*** Block opens ***

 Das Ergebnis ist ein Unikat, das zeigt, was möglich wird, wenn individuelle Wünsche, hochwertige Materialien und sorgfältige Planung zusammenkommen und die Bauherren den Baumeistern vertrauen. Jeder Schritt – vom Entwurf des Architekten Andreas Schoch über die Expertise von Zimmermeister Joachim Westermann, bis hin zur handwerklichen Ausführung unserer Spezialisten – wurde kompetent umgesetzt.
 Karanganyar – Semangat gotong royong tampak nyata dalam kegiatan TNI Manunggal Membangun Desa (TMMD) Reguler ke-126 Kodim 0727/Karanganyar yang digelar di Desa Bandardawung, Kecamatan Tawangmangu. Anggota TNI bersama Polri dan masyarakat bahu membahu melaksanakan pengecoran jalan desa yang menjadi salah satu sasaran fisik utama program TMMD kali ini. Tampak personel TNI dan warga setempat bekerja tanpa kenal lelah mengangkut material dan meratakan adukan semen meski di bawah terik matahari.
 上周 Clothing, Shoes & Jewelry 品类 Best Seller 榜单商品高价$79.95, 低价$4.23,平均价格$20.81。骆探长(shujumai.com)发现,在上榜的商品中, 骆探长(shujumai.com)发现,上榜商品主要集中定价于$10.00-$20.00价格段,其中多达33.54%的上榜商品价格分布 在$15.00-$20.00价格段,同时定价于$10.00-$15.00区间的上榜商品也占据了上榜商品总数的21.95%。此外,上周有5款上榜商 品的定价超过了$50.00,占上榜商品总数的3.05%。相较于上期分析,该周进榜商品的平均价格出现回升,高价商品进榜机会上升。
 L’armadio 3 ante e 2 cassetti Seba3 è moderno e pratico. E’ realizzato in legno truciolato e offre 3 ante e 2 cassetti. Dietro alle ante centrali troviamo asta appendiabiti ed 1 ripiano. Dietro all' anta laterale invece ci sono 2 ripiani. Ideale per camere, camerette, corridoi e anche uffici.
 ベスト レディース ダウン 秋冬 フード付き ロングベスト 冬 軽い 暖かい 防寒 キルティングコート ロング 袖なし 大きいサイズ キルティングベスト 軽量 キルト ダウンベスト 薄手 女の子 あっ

*** Block closes ***
*** Block opens ***

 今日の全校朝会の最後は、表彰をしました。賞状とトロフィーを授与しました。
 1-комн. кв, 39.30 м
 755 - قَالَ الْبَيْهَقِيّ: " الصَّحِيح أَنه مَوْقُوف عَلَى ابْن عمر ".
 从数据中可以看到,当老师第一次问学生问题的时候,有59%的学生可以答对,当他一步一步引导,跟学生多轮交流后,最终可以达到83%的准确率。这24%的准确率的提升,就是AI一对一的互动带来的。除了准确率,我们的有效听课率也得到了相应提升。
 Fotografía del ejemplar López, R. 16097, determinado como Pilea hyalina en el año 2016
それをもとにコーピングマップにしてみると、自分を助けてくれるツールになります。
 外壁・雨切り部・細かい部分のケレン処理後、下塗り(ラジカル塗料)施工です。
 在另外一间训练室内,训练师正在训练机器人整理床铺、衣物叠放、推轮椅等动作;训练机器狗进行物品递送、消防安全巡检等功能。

*** Block closes ***

• The task: Transcribe the records above from the line holding "今日の全校朝会の最後は、表彰をしました。賞状とトロフィーを授与しました。" down to the line holding "在另外一间训练室内,训练师正", inclusive, without adding anything.

• Solution to the exercise:
 今日の全校朝会の最後は、表彰をしました。賞状とトロフィーを授与しました。
 1-комн. кв, 39.30 м
 755 - قَالَ الْبَيْهَقِيّ: " الصَّحِيح أَنه مَوْقُوف عَلَى ابْن عمر ".
 从数据中可以看到,当老师第一次问学生问题的时候,有59%的学生可以答对,当他一步一步引导,跟学生多轮交流后,最终可以达到83%的准确率。这24%的准确率的提升,就是AI一对一的互动带来的。除了准确率,我们的有效听课率也得到了相应提升。
 Fotografía del ejemplar López, R. 16097, determinado como Pilea hyalina en el año 2016
それをもとにコーピングマップにしてみると、自分を助けてくれるツールになります。
 外壁・雨切り部・細かい部分のケレン処理後、下塗り(ラジカル塗料)施工です。
 在另外一间训练室内,训练师正在训练机器人整理床铺、衣物叠放、推轮椅等动作;训练机器狗进行物品递送、消防安全巡检等功能。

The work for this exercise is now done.